◆ Instructions to follow ◆
In the records below, repeat word for word only the lines starting at the one that contains "Blue Sofia puffer" and ending at the one that contains "AED、人工呼吸も必要な練習", pictures excluded.

[Opening Data under study section]

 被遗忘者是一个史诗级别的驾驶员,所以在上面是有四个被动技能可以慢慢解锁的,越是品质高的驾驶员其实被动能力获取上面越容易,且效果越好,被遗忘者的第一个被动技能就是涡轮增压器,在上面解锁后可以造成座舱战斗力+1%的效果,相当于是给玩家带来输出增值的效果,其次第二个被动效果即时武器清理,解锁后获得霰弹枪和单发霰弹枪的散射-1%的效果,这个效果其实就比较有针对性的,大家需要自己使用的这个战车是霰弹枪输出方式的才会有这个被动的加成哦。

[Closing Data under study section]
[Opening Data under study section]

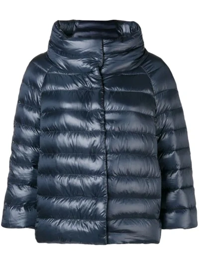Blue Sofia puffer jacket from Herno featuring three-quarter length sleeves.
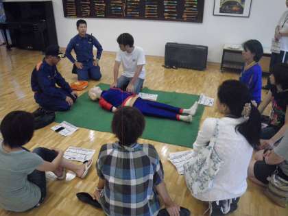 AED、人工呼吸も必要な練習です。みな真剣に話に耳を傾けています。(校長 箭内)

[Closing Data under study section]
[Opening Data under study section]

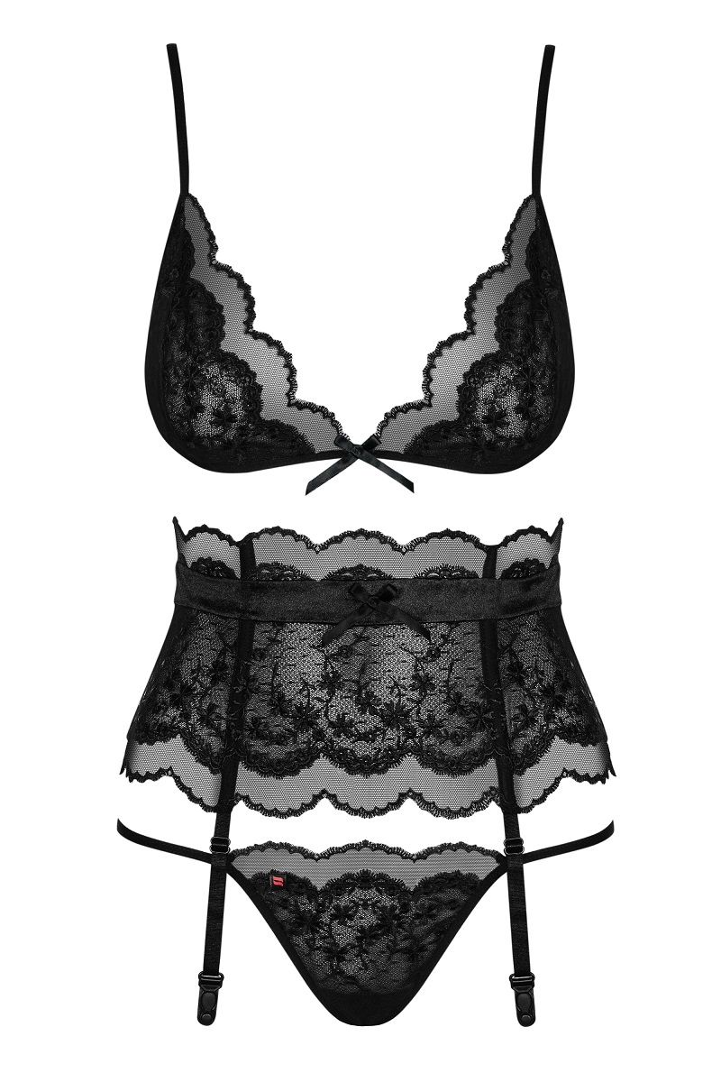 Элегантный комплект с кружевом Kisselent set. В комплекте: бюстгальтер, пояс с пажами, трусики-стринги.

[Closing Data under study section]

◆ Finished exercise ◆
Blue Sofia puffer jacket from Herno featuring three-quarter length sleeves.
 AED、人工呼吸も必要な練習です。みな真剣に話に耳を傾けています。(校長 箭内)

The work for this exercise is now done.